One  simple solution is to resolve your client’s claim first.  Then work separately upon your claim for attorneys fees and costs without any connection to your resolved client’ claim.   This works well if your opposition will agree.  And, by the way, your primary prevailing party fee hours probably effectively stop accruing;  a point for the opposition to consider. 

However, that raises another primary negotiation issue. Entitlement.  Entitlement, i.e. prevailing,  is a common risk factor of any fee claim.  And a central negotiation element in the entire total claim.   What if the “entitlement” to a fee issue, i.e. whether your fees (and costs) ever even becomes an issue, prevents reasonable negotiation of your fee and thus  total resolution of your client’s claim? 

And what if your opposition allows you to come to a “tentative agreement”  on your clients interest, subject to resolving your fee, noted (*) above?  That is, your clients claim is settled, IF, an agreement can then be reached on your fee.

Clearly another ethical minefield.

But, is making your client’s claim resolution subject to resolution of your claim the same ethical issue?   I say, No, because it is now not you forcing the unethical decision, but the Defendant.  (And, any attorney allowing his client to insist on demanding such a “choice”, better be very careful about permitting an unethical offer to be made!)

As a blog,  (and even though longer than most) I must stop now in order to offer this information timely enough to be meaningful.  That is, simply as an alert to you to this common ethical issue arising repetitively in negotiation and mediation.  Clearly more specific research and investigation is also warranted by those who will face these issues as early as tomorrow.

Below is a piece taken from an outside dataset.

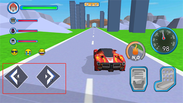 3、点击左下角的按钮来控制赛车的方向,然后其他的按键可以控制加速和减速。

For now, simply use great caution when negotiating any claim that combines your claim for attorneys fees.  A word to the wise.

3 Comments leave one →
  1. Ali permalink
    July 1, 2016 3:37 pm

    Have you done any more recent research on this issue? I’ve found it to be very relevant in mediations with a fee-shifting component (a seeming conflict of interest for attorneys in their fees versus client damages).

    • July 3, 2016 10:26 am

      Ali, thanks for your comment. It is the reason I write this blog; for practitioners.
      And, you are right, in Florida, it is and always has been a “bright-light” conflict of interest to divide anything with your own client.
      However, in actual negotiation practice, including in mediation, it seems so common in my experience as, frankly, not to be paid much attention. Of course, until there is a complaint.
      My personal practice is to caution all sides of my mediation participants and then, as usual, allow them to proceed as they choose.
      I have done no specific research since my original blog on the matter; most of my “suggestions” for my blog for others come solely from my daily observations of what lawyers do and do not do.
      My better practitioners in these fee-shifting matters seem to have several ways they satisfy themselves (and their clients) within the ethics of this mixed subject-process (usually “pressed” by the defense side as an expediency of their “need” to know their total exposure).
      One is to have had a pre-negotiation full-disclosure conference and even a written waiver plan on this precise issue. Second, (sometimes first after my reminder?), with each offer/counter-offer, an attorney-client pre-agreed division of each offer in case their offer is accepted. Third, before any final acceptance, a similar pre-agreement for the division, if necessary, between the claim and the applicable attorneys fee.
      In Florida, most ethical conflicts may be waived if clients are properly informed in advance. A fully informed client seldom complains. However, better lawyers will want to have such waivers in writing.
      I hope this helps. Dan, from Houlton, Maine (for a cooler summer!)

      • Ali permalink
        July 15, 2016 3:40 pm

        Thank you so much for this response, Dan! I appreciate hearing some practical advice on the issue.

        As far as advice for mediators hoping to encourage best practices in the mediation process (and hoping also for a higher possibility of settlement) — what kind of statements of caution do you recommend in particular? In your opinion, is it ethical for mediators to mention/highlight this issue?